TASK DESCRIPTION
Up to and including the line that contains "Dvaja muži v", repeat the entries below exactly from the first line on. Do not carry over any pictures.

Data entries:
——
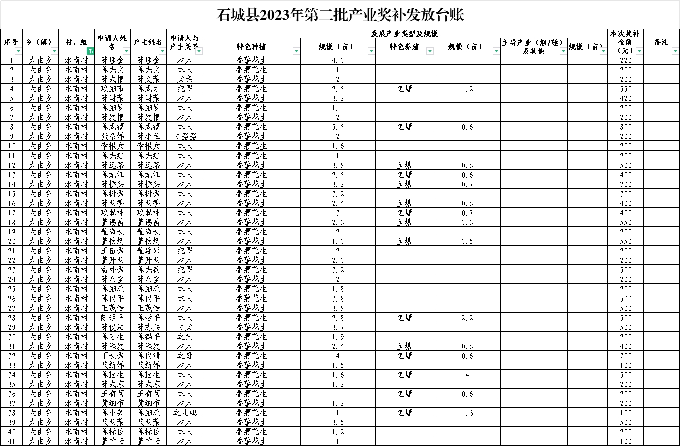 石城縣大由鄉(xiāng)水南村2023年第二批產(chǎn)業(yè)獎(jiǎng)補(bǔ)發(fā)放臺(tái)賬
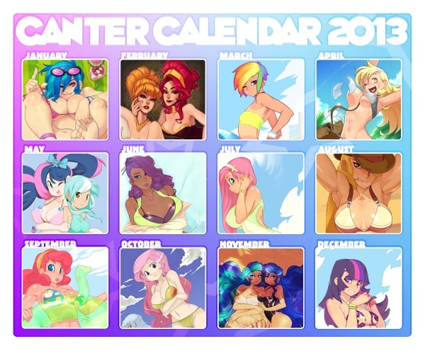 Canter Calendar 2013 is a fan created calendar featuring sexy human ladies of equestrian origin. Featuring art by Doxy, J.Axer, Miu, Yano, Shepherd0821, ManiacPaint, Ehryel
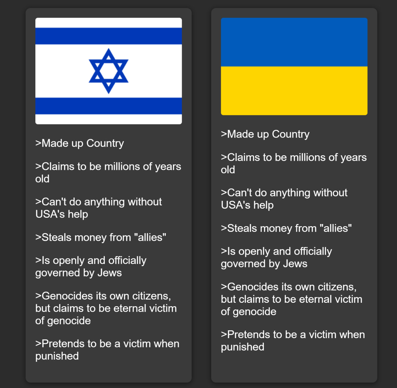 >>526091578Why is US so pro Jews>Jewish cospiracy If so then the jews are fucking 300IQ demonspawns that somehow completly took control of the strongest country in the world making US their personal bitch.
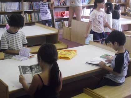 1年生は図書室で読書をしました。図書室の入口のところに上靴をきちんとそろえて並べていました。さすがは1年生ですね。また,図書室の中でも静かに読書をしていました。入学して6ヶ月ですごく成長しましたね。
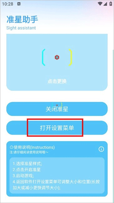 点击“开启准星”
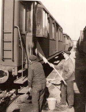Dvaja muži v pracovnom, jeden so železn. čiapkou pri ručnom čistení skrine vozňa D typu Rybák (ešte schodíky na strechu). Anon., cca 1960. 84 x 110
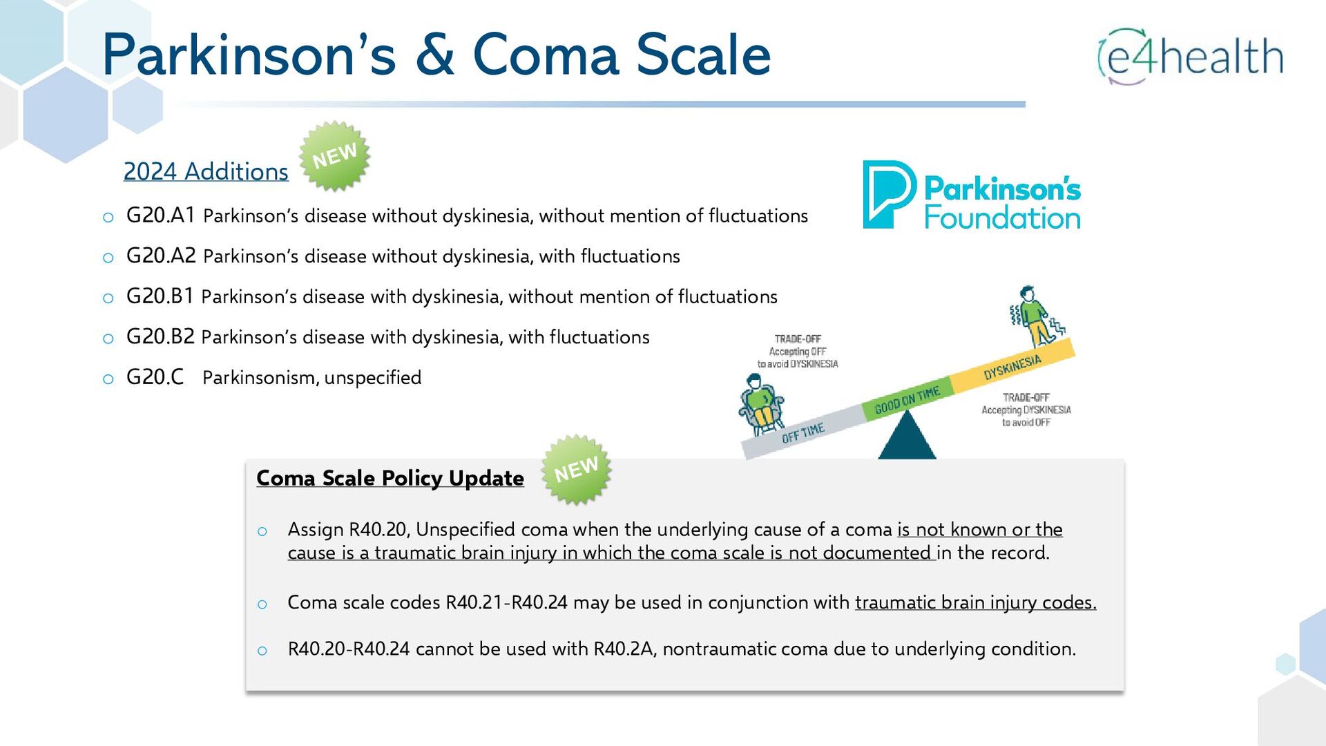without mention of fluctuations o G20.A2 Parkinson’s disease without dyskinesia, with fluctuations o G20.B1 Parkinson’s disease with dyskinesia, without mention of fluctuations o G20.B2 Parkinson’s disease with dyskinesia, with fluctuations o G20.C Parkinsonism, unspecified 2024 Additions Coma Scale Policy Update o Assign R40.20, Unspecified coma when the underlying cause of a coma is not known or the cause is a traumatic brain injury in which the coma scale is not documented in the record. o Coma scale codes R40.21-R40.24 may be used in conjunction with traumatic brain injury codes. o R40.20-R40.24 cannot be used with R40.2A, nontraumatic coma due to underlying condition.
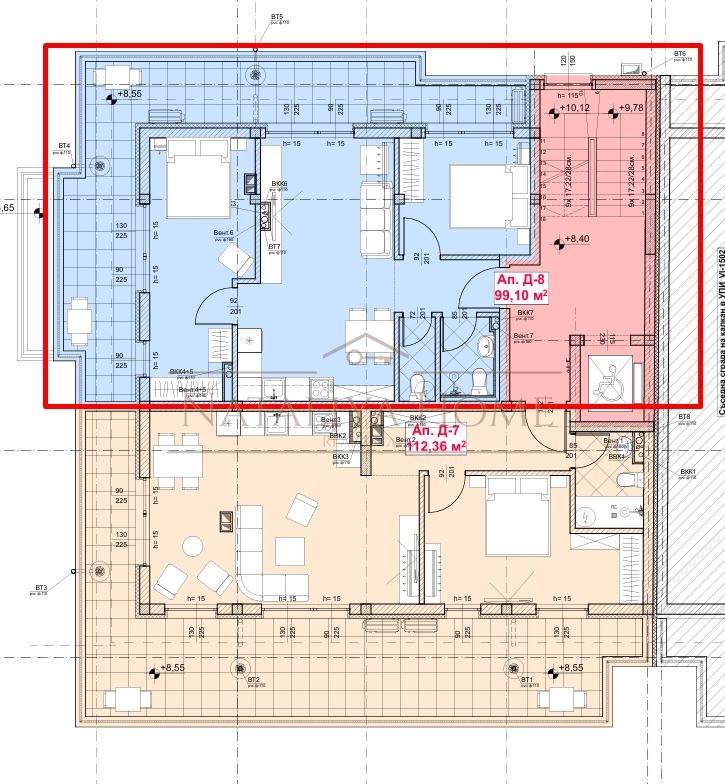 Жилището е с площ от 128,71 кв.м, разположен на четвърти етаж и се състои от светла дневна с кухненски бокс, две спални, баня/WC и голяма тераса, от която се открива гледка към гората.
——
RESULT FOR THIS TASK
 石城縣大由鄉(xiāng)水南村2023年第二批產(chǎn)業(yè)獎(jiǎng)補(bǔ)發(fā)放臺(tái)賬
 Canter Calendar 2013 is a fan created calendar featuring sexy human ladies of equestrian origin. Featuring art by Doxy, J.Axer, Miu, Yano, Shepherd0821, ManiacPaint, Ehryel
 >>526091578Why is US so pro Jews>Jewish cospiracy If so then the jews are fucking 300IQ demonspawns that somehow completly took control of the strongest country in the world making US their personal bitch.
 1年生は図書室で読書をしました。図書室の入口のところに上靴をきちんとそろえて並べていました。さすがは1年生ですね。また,図書室の中でも静かに読書をしていました。入学して6ヶ月ですごく成長しましたね。
 点击“开启准星”
Dvaja muži v pracovnom, jeden so železn. čiapkou pri ručnom čistení skrine vozňa D typu Rybák (ešte schodíky na strechu). Anon., cca 1960. 84 x 110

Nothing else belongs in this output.